Wherein n is an integer greater than 20.

Preferably, the solvent of the photovoltaic electron acceptor solution is any one or a mixture of at least two of o-xylene, toluene, tetrahydrofuran, chlorobenzene or o-dichlorobenzene, for example, toluene, a mixture of toluene and o-xylene, a mixture of tetrahydrofuran and zero dichlorobenzene, and the like, and further preferably o-xylene.

Preferably, the photovoltaic electron acceptor solution further comprises 2-4% (for example, 2.2%, 2.4%, 2.6%, 2.8%, 3%, 3.2%, 3.4%, 3.6% or 3.8% etc.) of a phase separating agent according to the volume percentage, and the introduction of the phase separating agent can promote the phase separation between the photovoltaic electron acceptor and the organic semiconductor polymer, and regulate the morphology of the photovoltaic electron acceptor film layer to enable the photovoltaic electron acceptor film layer to be easier to crystallize.
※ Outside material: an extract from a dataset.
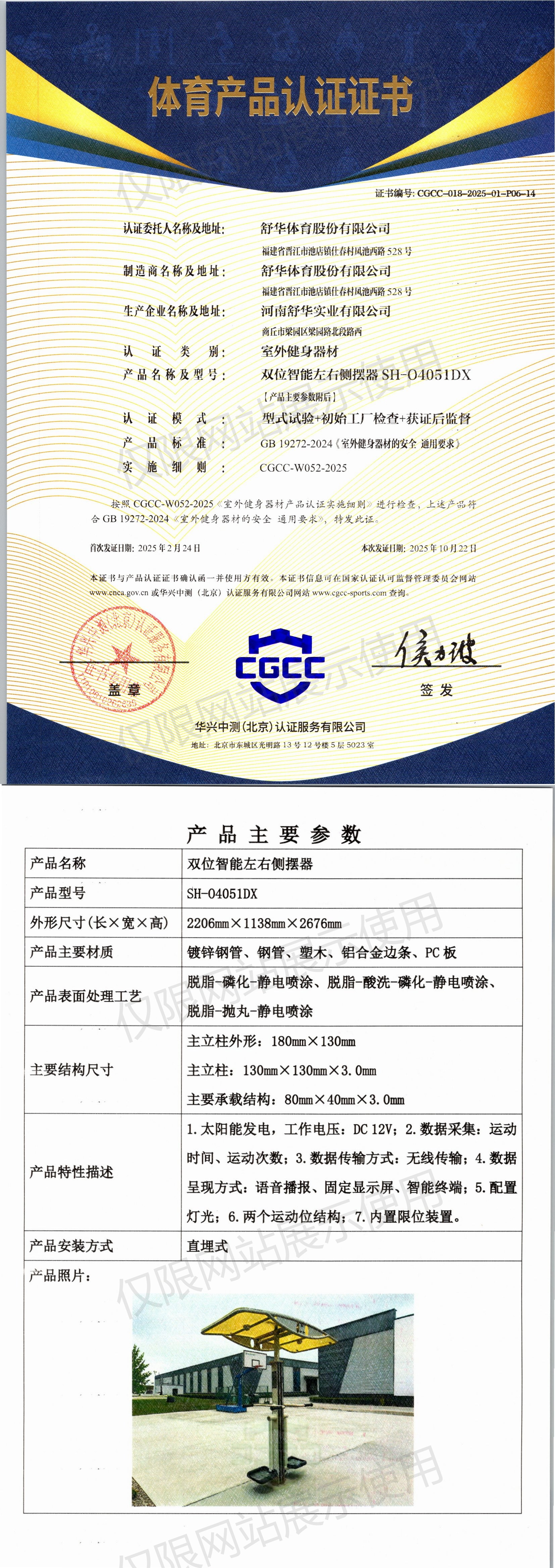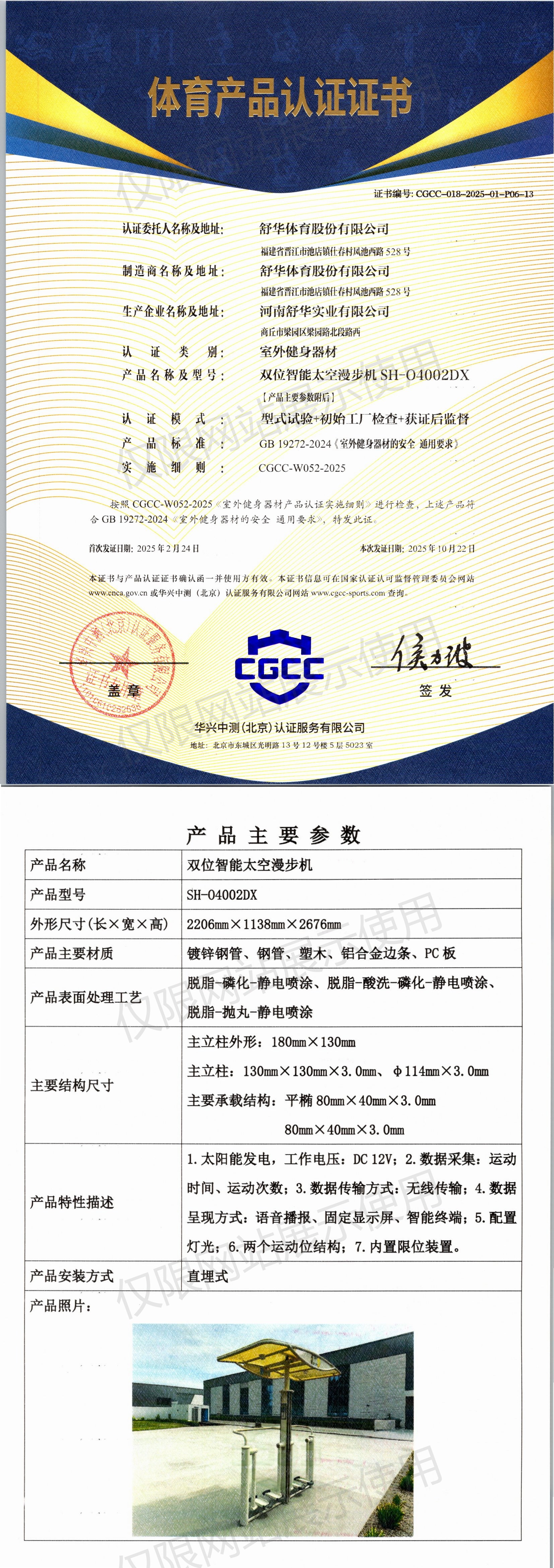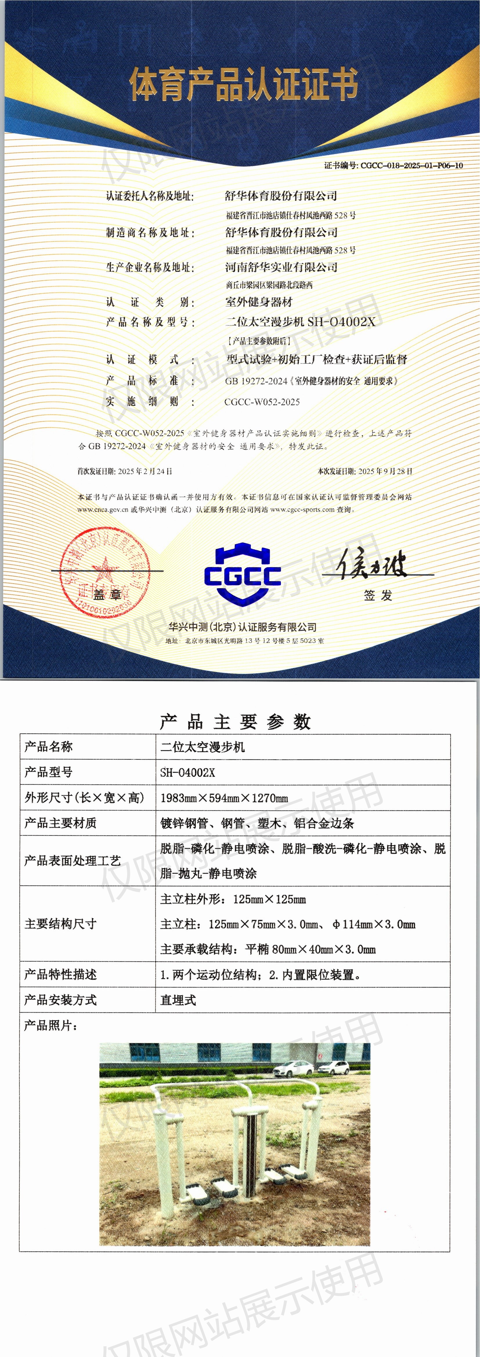 | 4 | 舒华体育股份有限公司 | CGCC-018-2025-01-P06-10 | 二位太空漫步机 | SH-O4002X | 商丘市梁园区梁园路北段路西 | GB 19272-2024 | 2025-02-24 | 有效 | 查看 |

Preferably, the phase separating agent is any one or a mixture of at least two of diiodooctane, 2-chlorophenol or 1, 2-diphenoxyethane.

Preferably, the concentration of the photovoltaic electron acceptor in the photovoltaic electron acceptor solution is 5-20 mg/mL, for example, 5.5mg/mL, 6mg/mL, 6.5mg/mL, 7mg/mL, 8mg/mL, 9mg/mL, 10mg/mL, 11mg/mL, 12mg/mL, 13mg/mL, 14mg/mL, 15mg/mL, 16mg/mL, 18mg/mL, 19mg/mL, or the like.

Preferably, the photovoltaic electron acceptor in the photovoltaic electron acceptor solution is fullerene C subjected to chemical modification ₆₀ Or C ₇₀ The structure is as follows:

preferably, the mass ratio of the organic semiconductor polymer in the organic semiconductor polymer solution to the photovoltaic electron acceptor in the photovoltaic electron acceptor solution is 1:1-2, for example 1:1.1, 1:1.2, 1:1.3, 1:1.4, 1:1.5, 1:1.6, 1:1.7, 1:1.8 or 1:1.9, etc.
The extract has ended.